Steve Jobs didn’t go anywhere at the box office in 2015. Perhaps because there’d been too many other bios/documentaries coming out about the subject matter in recent years. Perhaps it was also hurt by the rumored campaign, Jobs’ widow and Apple computer waged war against the film. Whatever the reason, not a whole lot of people went to see it which is a real shame because Steve Jobs with a razor sharp script by Aaron Sorkin (The West Wing, The Social Network), directed by Danny Boyle (Slumdog Millionaire, 28 Days Later) and an all-star cast is a really good movie that examines the question of whether a great man can be a good one.
Instead of covering the main bases of the Steve Jobs autobiography – time in India, the garage, etc. that have already become the basis of Silicon Valley legend – Sorkin structures the movie like a three act play set (with an occasional flashback). The focus is on three pivotal product launches at Apple: the Macintosh in 1984; the NeXT in 1988; and, the iMac in 1998, with the same pivotal cast of characters coming to Steve Jobs (Michael Fassbender) with various demands.
Jobs’ old pal and Apple co-founder Steve Wozniak (Seth Rogen in some of his best work) is constantly aggravated with Jobs for refusing to publicly share credit with the Apple II team. Joanna Hoffman (the always excellent Kate Winslet) is the marketing executive and Steve’s closest confidante. John Sculley (Jeff Daniels) is the Apple CEO and quasi father figure who later gains the dubious distinction of being the guy to oust Jobs out of Apple. Michael Stuhlbarg plays the much beleaguered computer programmer Andy Hertzfeld. Finally there’s Katherine Waterston as the volatile Crissan Brennan, Jobs’ former flame and mother of his first-born child, Lisa (played by three different actresses at different ages Makenzie Moss, Ripley Sobo, and Perla Haney-Jardine), whom Jobs initially refused to acknowledge even after a positive paternity test.

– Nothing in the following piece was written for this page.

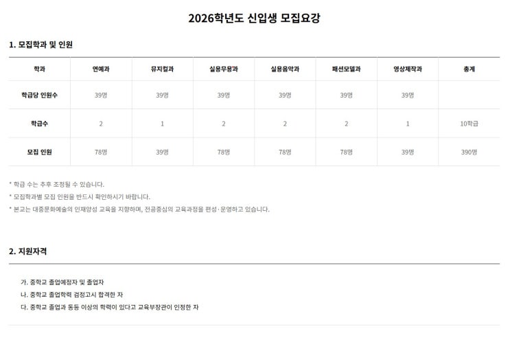 안녕하세요 뉴즈댄스학원 입니다. 오늘은 예고 입시요강에 대해 한번 알아볼까요? 2026학년도 모집요강을 참고하여 연예과, 실용무용과, 실용음악과 2027학년도 준비에 도움이 될 수 있도록 정리해 보았습니다. 한림예고 입시요강 한림예고는 실기 100% 반영이며 아래에는 각 과별 전형방법 입니다. ⭐여기서 중요한 점⭐ *화장금지, 피어싱금지, 타투금지 *MR은 학생본인의 USB에 mp3 또는 wma 파일로 담아 제출 모든과의 공통사항입니다. 서울공연예고 입시요강 서울공연예고는 중학교 성적이 같이 반영되는데요 교과점수, 출결점수 그리고 실기 점수까지 적용됩니다. 학교별로 다르게 반영되기 때문에 본인이 원하는 학교에 맞게 준비하는게 좋....... <img src="https://blogthumb.pstatic.net/MjAyNjAyMjRfNDkg/MDAxNzcxOTE5NzYwNTgz.P7TZa-ZXxlDlJRpAKCxS5qqmnieDOXokmlwVsHb3m6og.O6jL_7w4F41TDXVf5jEy8D0P2wmwLSswiZ3Plg4ILVAg.JPEG/%C8%AD%B8%E9_%C4%B8%C3%B3_2026-02-24_165321.jpg?type=s3" />

Those surrounding Steve are frequently furious with him, but inevitably attracted to him as well. And no wonder. Michael Fassbender in the title role doesn’t look a damn thing like Jobs, but he embodies the man’s electricity. Sorkin writes Jobs as a manic-obsessive, casually cruel, condescending, aggravating, but also a truly brilliant, charismatic individual, whose mind-set helped revolutionize the world we live in. Fassbender’s ability to balance all those qualities into a convincing and compelling portrait is the stuff that Oscar nominations are made of.
Steve is a guy who demands impossible things from his subordinates. He’s the guy that will make you go searching for a double breasted, white shirt with a pocket 20 minutes before he’s set to appear on stage. The guy who wants a full black-out of the auditorium even if it’s against fire regulations, reasoning that if a fire does cause a stampede to the exits it will be well worth it for those who survive. But of all Steve’s questionable actions throughout the film his rejection of his own daughter is by far the most gut-wrenching and the most damning. Unlike his other sins, it can’t be written off as ultimately serving any greater purpose. Yet during the MacIntosh launch comes a moment when Lisa and Steve bond over the former’s intuitive grasp of how to use the Mac. In the end, the father-daughter connection is what gives this slick, stylized, film a beating heart.